With a population of less than 30,000 people and a prime location in the heart of South Lakeland District of Cumbria, England, the market town of Kendal has a quaint charm buoyed by its distance from the United Kingdom’s large cities.

Were it not for the work of Jewish organizations 80 miles to the south in Manchester, the few Jewish residents who call Kendal home would likely find their peaceful paradise devoid of such seemingly ubiquitous items as Passover matzah and Chanukah menorahs.

Rabbi Yisrael Cohen, director of L’Chaim Outreach, a program of the Chabad-Lubavitch yeshiva in Manchester, remembers one Passover when he visited a Jewish couple living in a farm house in a remote part of the countryside around Kendal. A woman answered the front door, turned to her husband and exclaimed, referencing a custom of the Passover Seder: “Elijah the Prophet has come!”

But over the last couple of years, Jewish life in this part of England has taken on a prominence unheard of in recent memory. Following a trip by American rabbinical students Yossi Goldstein and Schlomo Yager to the town in 2007, then-Mayor Gwendoline Murfin reported to the local press than her Jewish constituents seemed to be walking taller.

Later that year, a Chanukah menorah came to Kendal, joining its annual holiday display at Castle Street Centre during the town’s first public Chanukah celebration. More than 25 people gathered as Murfin assisted rabbis from Lubavitch of South Manchester in lighting the menorah. The following year, another rabbi presided.

So began a whole series of holiday events, including a springtime Purim party with the mayor. And although the Jewish population doesn’t justify the building of its own synagogue, last Passover, about 30 people attended a community Seder led by a local resident.

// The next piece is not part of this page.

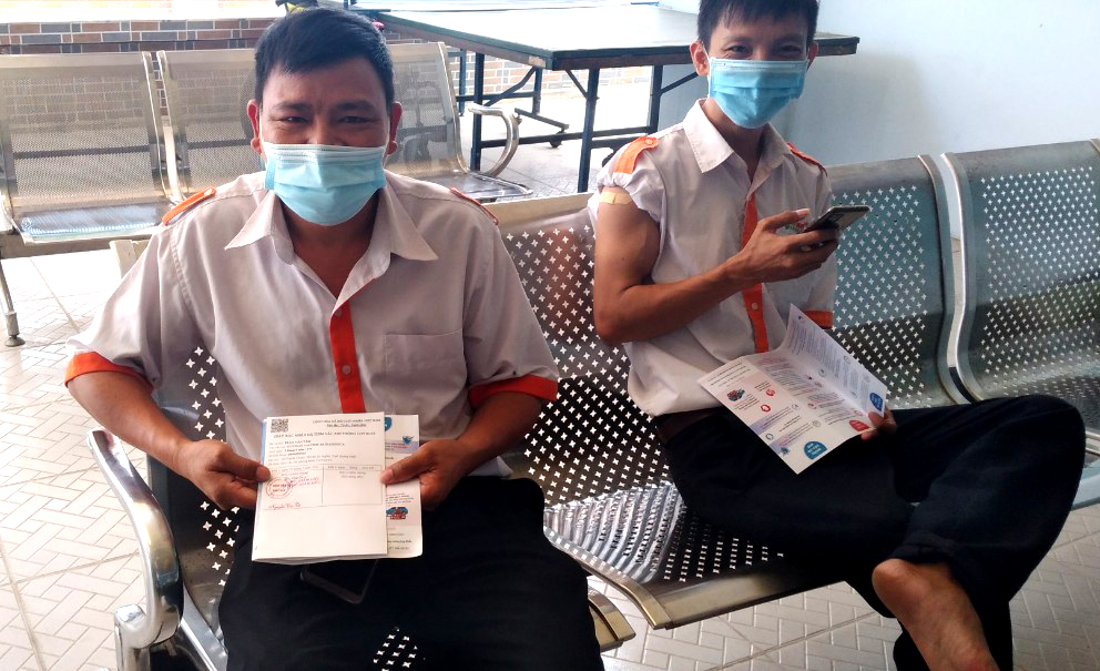 Hình ảnh một số nhân viên lái xe SunTaxi đã được tiêm ngừa vắc xin phòng chống Covid-19 tại chi nhánh.

Kendal Mayor John Anthony Bateson
Kendal Mayor John Anthony Bateson

Last December, the city’s Chanukah celebration was held for the first time Kendal Town Hall at the invitation of current Mayor John Anthony Bateson. A large group of Jewish residents and members of the city’s other faith groups attended the ceremony, during which a local man explained the history and significance of the holiday.

Following the ceremony, Jewish residents presented Bateson was a collection of prayer books and other Jewish volumes that had been donated by L’Chaim and the Manchester Chabad House.

“The Chanukah celebration was a great opportunity to meet members of other faiths in our community,” the mayor said in a recent interview. “This is something we’d like to see continue.”